[Extracted information]
-------------------------

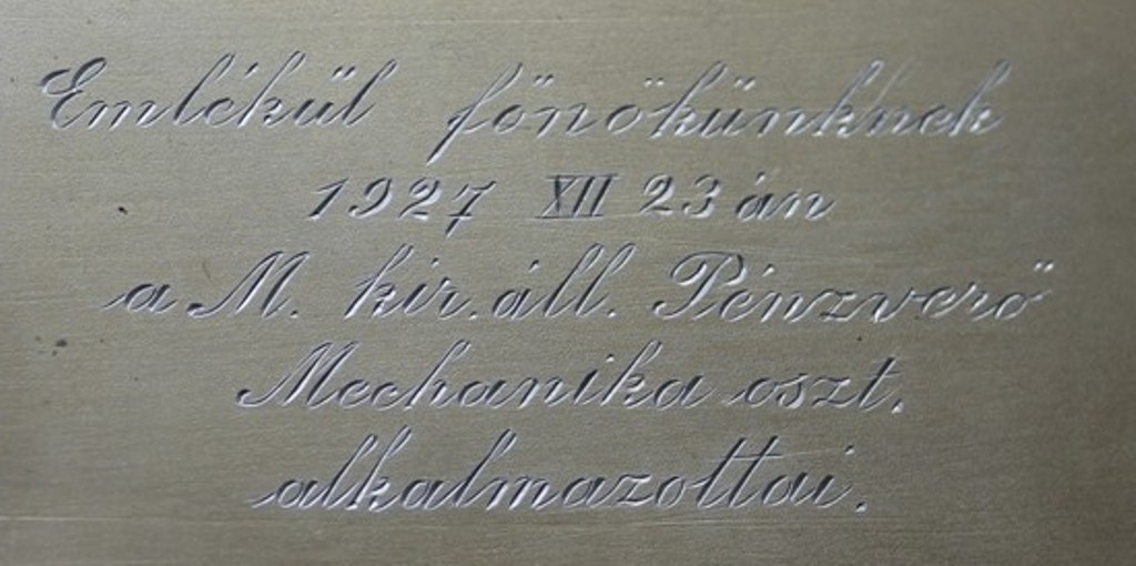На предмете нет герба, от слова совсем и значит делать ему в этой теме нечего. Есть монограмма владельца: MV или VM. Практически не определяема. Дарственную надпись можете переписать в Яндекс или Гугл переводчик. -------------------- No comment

-------------------------

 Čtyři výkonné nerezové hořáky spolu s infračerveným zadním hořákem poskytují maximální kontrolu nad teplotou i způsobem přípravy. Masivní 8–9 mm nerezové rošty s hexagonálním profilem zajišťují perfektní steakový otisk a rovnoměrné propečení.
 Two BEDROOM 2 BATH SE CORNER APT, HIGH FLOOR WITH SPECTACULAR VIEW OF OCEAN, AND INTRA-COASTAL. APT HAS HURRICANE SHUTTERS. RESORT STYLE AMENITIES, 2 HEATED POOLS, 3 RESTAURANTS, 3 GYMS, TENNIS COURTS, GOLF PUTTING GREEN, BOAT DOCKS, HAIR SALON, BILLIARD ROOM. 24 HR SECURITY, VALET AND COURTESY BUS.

-------------------------

[Exercise instructions] Look above for the line holding "Čtyři výkonné nerezové" and the line holding "Two BEDROOM 2", then output exactly those two lines and every line between them, nothing more.

[Exercise answer]
 Čtyři výkonné nerezové hořáky spolu s infračerveným zadním hořákem poskytují maximální kontrolu nad teplotou i způsobem přípravy. Masivní 8–9 mm nerezové rošty s hexagonálním profilem zajišťují perfektní steakový otisk a rovnoměrné propečení.
 Two BEDROOM 2 BATH SE CORNER APT, HIGH FLOOR WITH SPECTACULAR VIEW OF OCEAN, AND INTRA-COASTAL. APT HAS HURRICANE SHUTTERS. RESORT STYLE AMENITIES, 2 HEATED POOLS, 3 RESTAURANTS, 3 GYMS, TENNIS COURTS, GOLF PUTTING GREEN, BOAT DOCKS, HAIR SALON, BILLIARD ROOM. 24 HR SECURITY, VALET AND COURTESY BUS.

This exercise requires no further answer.